Research Project: IDENTIFICATION AND CHARACTERIZATION OF GENES AFFECTING COOL AND COLD WATER AQUACULTURE PRODUCTION Title: Evidence of major genes affecting bacterial cold water disease resistance in rainbow trout using Bayesian methods of complex segregation analysis

Authors
item Vallejo, Roger
item Wiens, Gregory
item Rexroad, Caird
item Welch, Timothy
item Evenhuis, Jason
item Leeds, Timothy
item Janss, Luc -
item Palti, Yniv

Submitted to: Plant and Animal Genome Conference
Publication Type: Abstract Only
Publication Acceptance Date: November 2, 2009
Publication Date: January 9, 2010
Citation: Vallejo, R.L., Wiens, G.D., Rexroad Iii, C.E., Welch, T.J., Evenhuis, J., Leeds, T.D., Janss, L.L., Palti, Y. 2010. Evidence of major genes affecting bacterial cold water disease resistance in rainbow trout using Bayesian methods of complex segregation analysis. Plant and Animal Genome Conference XVIII. Paper No. 103.

Technical Abstract: Bacterial cold water disease (BCWD) causes significant economic loss in salmonid aquaculture. We previously detected genetic variation for BCWD resistance in our rainbow trout population, and a family-based selection program to improve resistance was initiated at the NCCCWA in 2005. The main objectives of this study were to determine the mode of inheritance of BCWD resistance and design informative crosses for mapping quantitative trait loci (QTL).
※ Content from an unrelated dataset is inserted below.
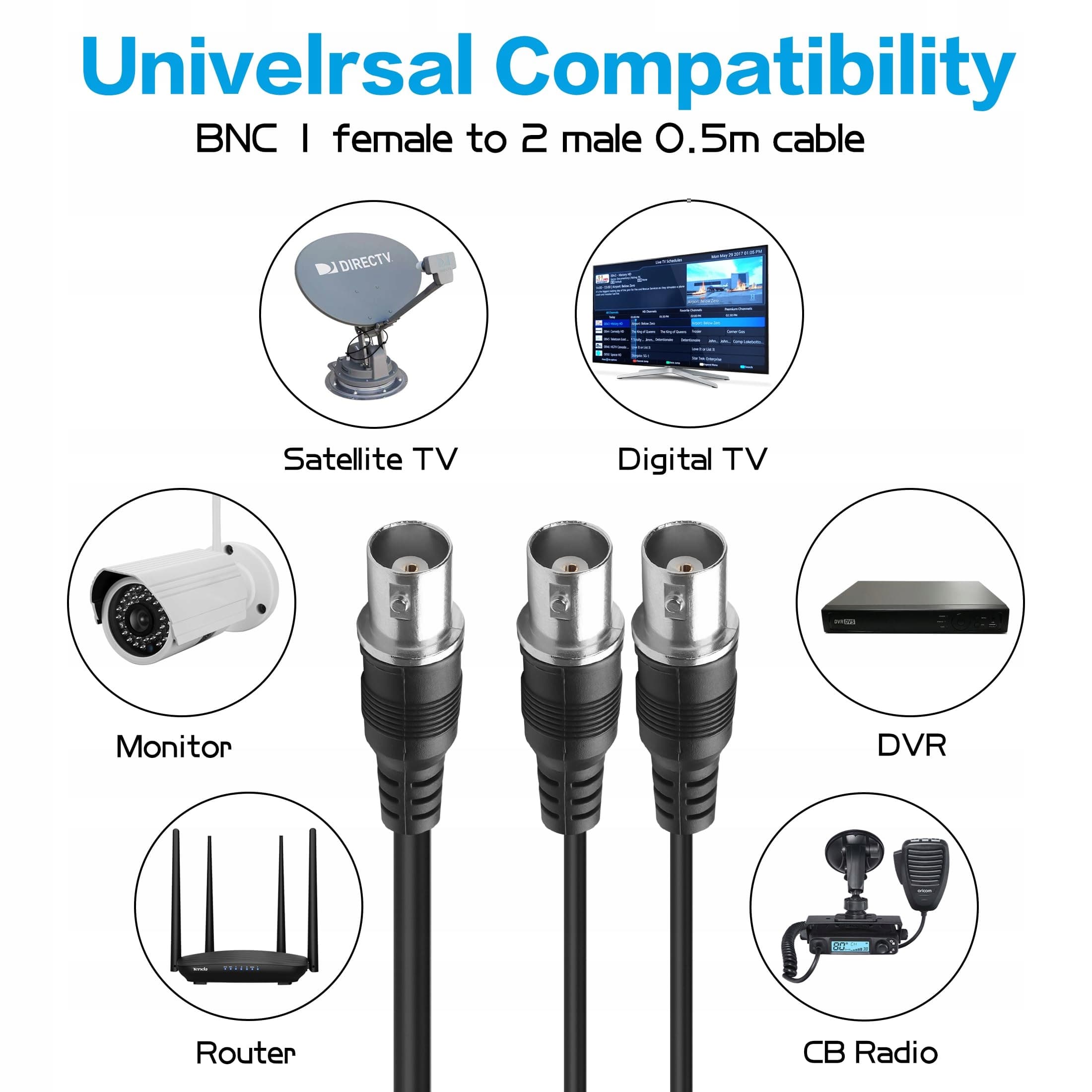 Szerokie zastosowanie - kable rozdzielające BNC są używane do rozdzielania sygnałów z anten, systemów zabezpieczeń (kamery CCTV, rejestratory DVR) i innych urządzeń, szeroko stosowane w transmisji sygnałów wideo/audio, transmisji sygnałów HF, podłączeniach telewizyjnych oraz innych systemach CCTV, kamerach bezpieczeństwa, skanerach, systemach wideo.

A total of 10,603 juvenile fish from 105 full-sib families corresponding to three generations (2005, 2007 and 2009 hatch years) of the NCCCWA population were challenged by intraperitoneal injection with Flavobacterium psychrophilum, the bacterium that causes BCWD. Mortality was monitored for 21 days. Bayesian segregation analysis was used to fit mixed-inheritance threshold models to binary survival status (dead or alive), and predicted that ~53% of the phenotypic variation (~90% of the genetic variation) can be attributed to one locus or a small number of loci with major effects and either codominance or complete dominance for BCWD resistance. Partial dominance was rejected because the 95% highest posterior density region for the difference between the additive effect and absolute dominance effect included 0. In addition, a large number of loci with very small allelic effects underlie the genetic variation of resistance to BCWD. Estimated heritability of BCWD resistance was 0.59 and 0.62 when fitting mixed-inheritance and polygenic models, respectively. These findings provide the basis for designing informative crosses that will be used in genome-wide scans for QTL affecting BCWD resistance in rainbow trout.